Jonathan Yost era el decano de Asuntos Académicos de la Universidad del Noroeste. Como tal, era el encargado de decidir en cuestiones de financiación, provisión de fondos y, claro está, contratación y despidos. Era quien tenía la sartén por el mango. Aunque nadie se atrevía a decirlo públicamente, todo el mundo sabía que el doctor Yost era quien mandaba en el campus; el rector era un simple figurón. Todo el mundo sabía también que sólo era cuestión de tiempo que le ofrecieran la presidencia de alguna universidad. Posiblemente, incluso, la de una perteneciente a la Ivy League.
Yost había sido profesor del Departamento de Filología Inglesa, y Daggart y él se habían hecho amigos inmediatamente al coincidir en un comité interdisciplinario durante el primer año de aquél en la universidad. Desde hacía años jugaban al squash una vez por semana, y cuando Jonathan se pasó a la administración (convirtiéndose, de paso, en el decano Yost, título este del que Scott jamás le permitía apearse), siguieron asistiendo juntos a tantos partidos de fútbol y baloncesto como podían. En vida de Susan no había cuarteto más dinámico que Daggart, Susan, Jonathan y Alice, y tras su muerte no hubo mejor amigo que Jonathan. Fue él quien persuadió a Daggart de que siguiera adelante y retomara sus investigaciones, y él quien movió los hilos para conseguir la financiación que le permitió regresar a México. En lo que a Daggart concernía, Jonathan Yost era un salvavidas.
—Gracias por llamar —dijo Daggart—. ¿He interrumpido algo?
—No te lo creerías, si te lo contara —contestó Jonathan. Mientras hablaba, Daggart se lo imaginó pasándose la mano por la cabeza calva, con los pies encima de la mesa de caoba cubierta de papeles.
—Ponme a prueba.
—Alguien acaba de presentar una denuncia por acoso sexual contra la universidad.
—¿Y qué tiene eso de raro?
—Que el denunciante es un miembro del claustro y la denunciada una estudiante.
—¿Y eso puede hacerse? —preguntó Daggart.

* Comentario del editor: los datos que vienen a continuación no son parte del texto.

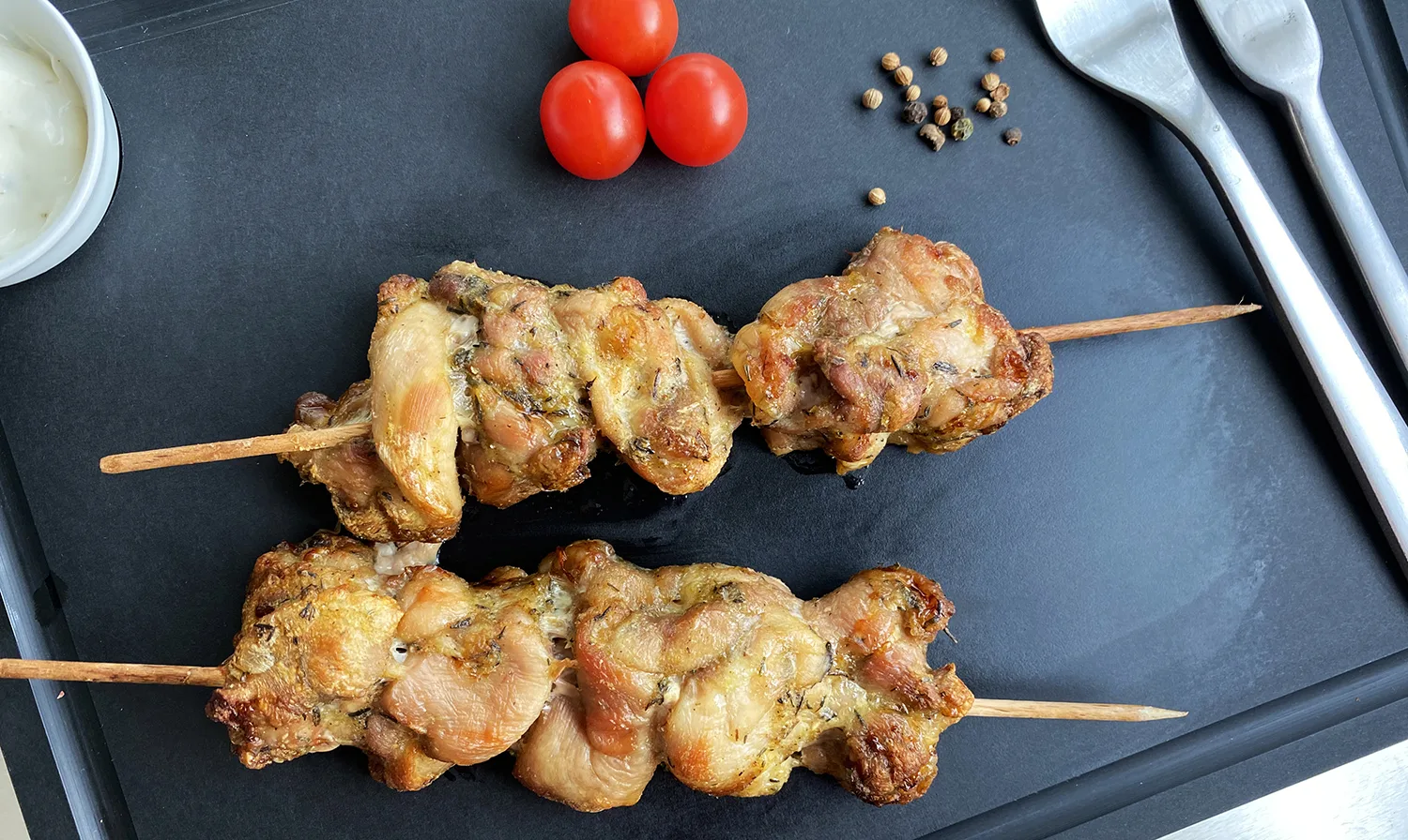 Brocheta de carne de catramuslo de pollo al limón y tomillo |

—No preguntes. Conténtate con no haberte metido en Administración. Bueno, ¿qué tal te va? ¿Estás preparado para decirle adiós a México?
Daggart carraspeó.
—¿Tienes un minuto?
—Claro. —Jonathan notó la gravedad de su tono y se puso serio de repente—. ¿Qué pasa?
Daggart le habló de las circunstancias de la muerte de Tingley, del interrogatorio de los dos inspectores y de la destrucción de su yacimiento.
—Lo siento muchísimo, Scott —dijo Jonathan cuando acabó. Hablaba en voz baja, en tono sincero—. Tingley fue tu mentor, ¿verdad?
—Hace mucho tiempo.
—Y la excavación… ¿Puede salvarse algo?
—De momento, no. Está completamente destrozada.
Una súbita ráfaga de aire arrojó una cortina de lluvia contra la ventana, como si alguien estuviera lanzando cubos de agua a la casa.
—¿Qué piensas hacer, entonces? —preguntó Jonathan.
—Necesito quedarme un par de días más aquí. Una semana, como mucho. No sólo por la policía, también por mí. Creo que si investigo un poco podré aclarar este asunto.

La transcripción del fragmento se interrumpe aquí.